- [MATERIAL PROVIDED]
+===+

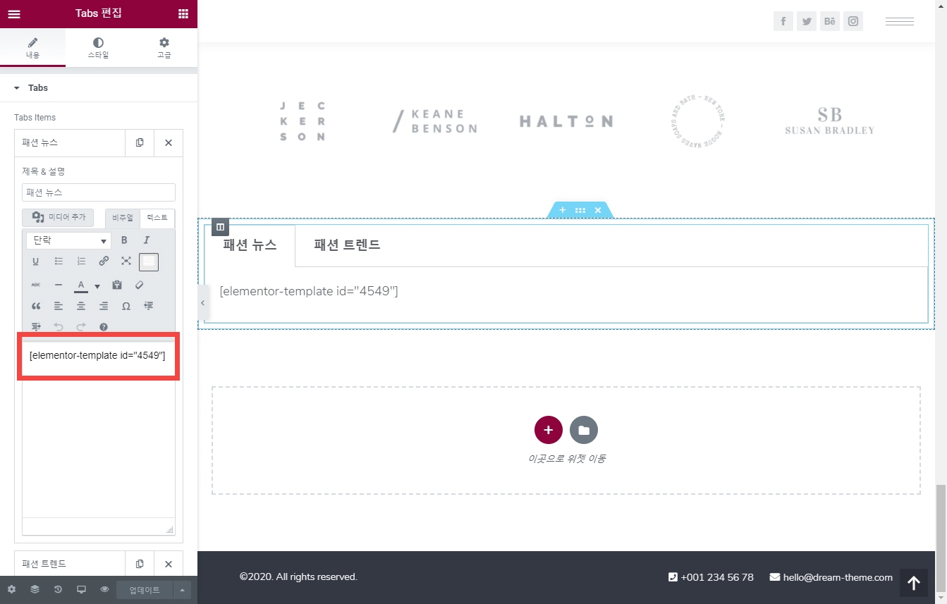 엘리멘터 페이지 빌더에서 탭 (Tabs) 요소를 사용할 경우 탭 내의 콘텐츠 영역에 숏코드를 삽입할 수 있습니다.
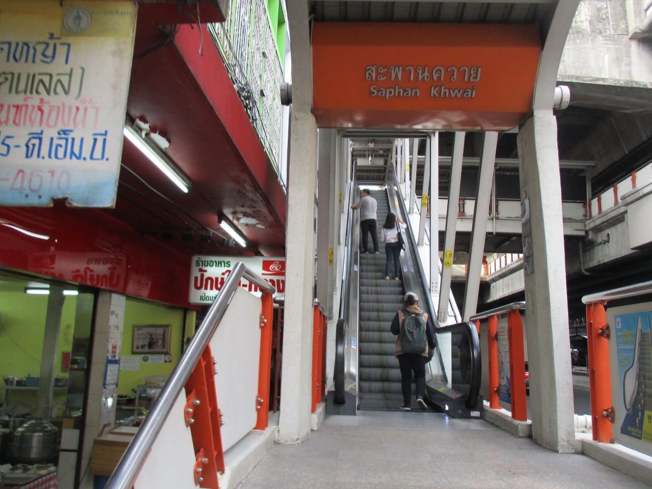 サパーンクワイ駅の改札口は2階に位置しています。地上から駅改札口までエスカレーターがあります。旅行の荷物や買い物の荷物がある場合、移動が大変ですが、楽に改札口まで移動できました。駅ホームはさらに3階、4階に位置しており、一部ではありますが、エスカレーターが完備されていました。
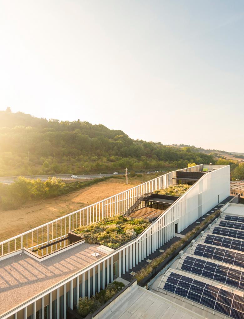 Sustainability plays a key role in this project which has been designed to comply to the green energy best practices: a photovoltaic system is installed over the production building while thermal solar panels guarantee hot water supply (for both sanitary and heating purposes). Additionally, the lighting system is LED-based and renewable energy is always used when possible.
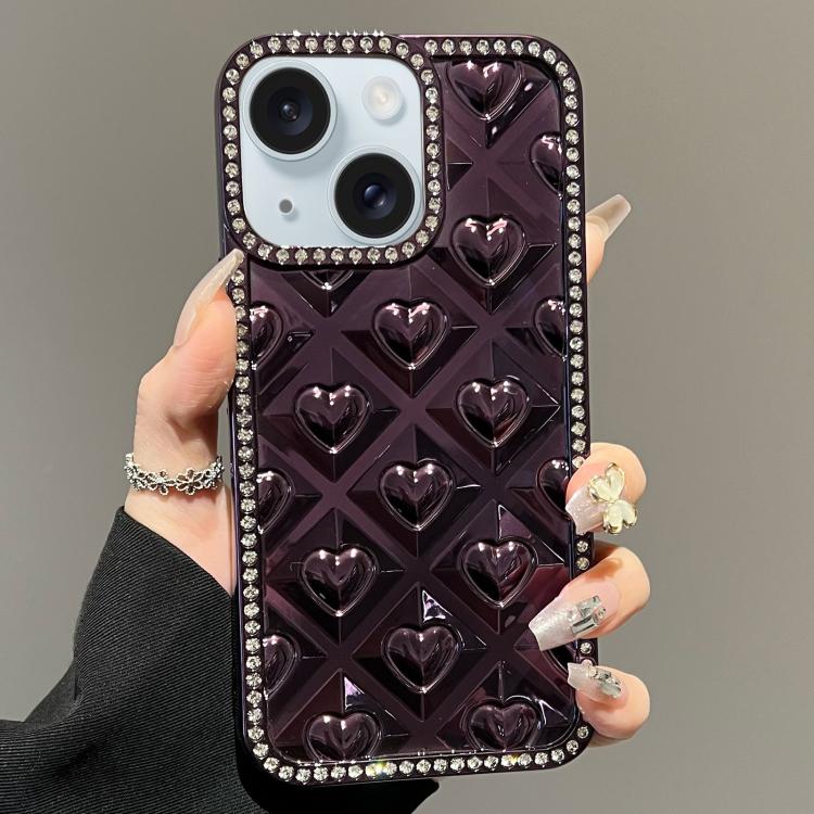 For iPhone 15 Electroplated Heart 3D Embossed Diamond TPU Phone Case(Purple)

+===+

- [YOUR ASSIGNMENT] Please reproduce the lines above from the one containing "サパーンクワイ駅の改札口は2" through the final line, exactly and inclusively, leaving out each picture.

- [WRITTEN REPLY]
 サパーンクワイ駅の改札口は2階に位置しています。地上から駅改札口までエスカレーターがあります。旅行の荷物や買い物の荷物がある場合、移動が大変ですが、楽に改札口まで移動できました。駅ホームはさらに3階、4階に位置しており、一部ではありますが、エスカレーターが完備されていました。
 Sustainability plays a key role in this project which has been designed to comply to the green energy best practices: a photovoltaic system is installed over the production building while thermal solar panels guarantee hot water supply (for both sanitary and heating purposes). Additionally, the lighting system is LED-based and renewable energy is always used when possible.
 For iPhone 15 Electroplated Heart 3D Embossed Diamond TPU Phone Case(Purple)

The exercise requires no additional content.